Depois de tudo isso, quando buscávamos as recompensas prometidas de piedade - por temporadas férteis, paz e prosperidade em casa, vitória e domínio no exterior, tributo de povos subjugados e riqueza de comércio bem-sucedido - depois de tudo isso, a derrota dos exércitos de Jeová em Megido, a fuga e morte do rei ferido, a lamentação sobre Josias, a exaltação de um nomeado de Faraó ao trono e o pagamento de tributo ao rei egípcio.
O cronista não tem uma explicação completa desse doloroso mistério, mas faz o que pode para enfrentar as dificuldades do caso. Como os grandes profetas em casos semelhantes, ele considera o rei pagão como encarregado de uma comissão divina. O apelo de Faraó a Josias para permanecer neutro deveria ter sido recebido pelo rei judeu como uma mensagem autorizada de Jeová. Foi a falha em discernir em um rei pagão o porta-voz e profeta de Jeová que custou a Josias sua vida e a Judá sua liberdade.

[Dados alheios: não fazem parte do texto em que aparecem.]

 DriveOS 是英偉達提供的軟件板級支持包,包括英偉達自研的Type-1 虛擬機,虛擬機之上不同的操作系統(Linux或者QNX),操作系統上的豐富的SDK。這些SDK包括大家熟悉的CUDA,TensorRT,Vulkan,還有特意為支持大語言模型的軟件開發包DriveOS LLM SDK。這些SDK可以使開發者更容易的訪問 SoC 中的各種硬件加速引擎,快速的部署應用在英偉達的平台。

O cronista não tinha motivo para demorar-se nos últimos tristes dias da monarquia; o resto de sua narrativa é quase totalmente resumido do livro dos Reis. Jeoacaz, Jeoiaquim, Joaquim e Zedequias passam pela cena em rápida e melancólica sucessão. No caso de Jeoacaz, que reinou apenas três meses, o cronista omite o julgamento desfavorável registrado no livro dos Reis; mas ele repete para os outros três, mesmo para o pobre rapaz de oito anos que foi levado cativo após um reinado de três meses e dez dias. O cronista não havia aprendido que os reis não podem errar; por outro lado, a política ímpia dos ministros de Joaquim é rotulada com o nome do menino-soberano.

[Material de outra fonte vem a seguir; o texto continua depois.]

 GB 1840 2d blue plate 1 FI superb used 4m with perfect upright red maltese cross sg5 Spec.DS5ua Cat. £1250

Cada um desses reis, por sua vez, foi deposto e levado para o cativeiro, a menos que Jeoiaquim seja uma exceção. No livro dos Reis, é dito que ele dormiu com seus pais, ou seja , que morreu e foi sepultado nos túmulos reais em Jerusalém, uma declaração que a LXX insere aqui também, especificando, no entanto, que ele foi enterrado no jardim de Uzza. Se o piedoso Josias foi punido por um único erro com derrota e morte, por que o ímpio Jeoiaquim foi autorizado a reinar até o fim de sua vida e então morrer em sua cama? A informação do cronista diferia daquela da narrativa anterior de uma maneira que removeu ou, pelo menos, suprimiu a dificuldade.
Ele omite a declaração de que Jeoiaquim dormiu com seus pais, e nos diz que Nabucodonosor o amarrou com grilhões para carregá-lo para a Babilônia. Leitores casuais suporiam naturalmente que esse propósito foi cumprido, e que a justiça divina foi satisfeita com a morte de Jeoiaquim no cativeiro; e, no entanto, se comparassem esta passagem com a do livro dos Reis, poderia ocorrer a eles que, depois que o rei fora acorrentado, algo poderia ter levado Nabucodonosor a mudar de ideia ou, como Manassés, Jeoiaquim poderia ter se arrependido e sido permissão para retornar.
Mas é muito duvidoso se as autoridades do cronista contemplaram a possibilidade de tal interpretação; dificilmente é justo creditar a eles todos os artifícios sutis dos comentaristas modernos.
A verdadeira conclusão da história do cronista dos reis da casa de Davi é um resumo dos pecados dos últimos dias da monarquia e da história de sua ruína final em 2 Crônicas 36:14 . Todos os chefes dos sacerdotes e do povo foram entregues às abominações da idolatria; e apesar das admoestações constantes e urgentes dos profetas de Jeová, eles endureceram seus corações e zombaram dos mensageiros de Deus, e desprezaram Suas palavras e usaram mal Seus profetas, até que a ira de Jeová se levantou contra Seu povo, e não houve cura.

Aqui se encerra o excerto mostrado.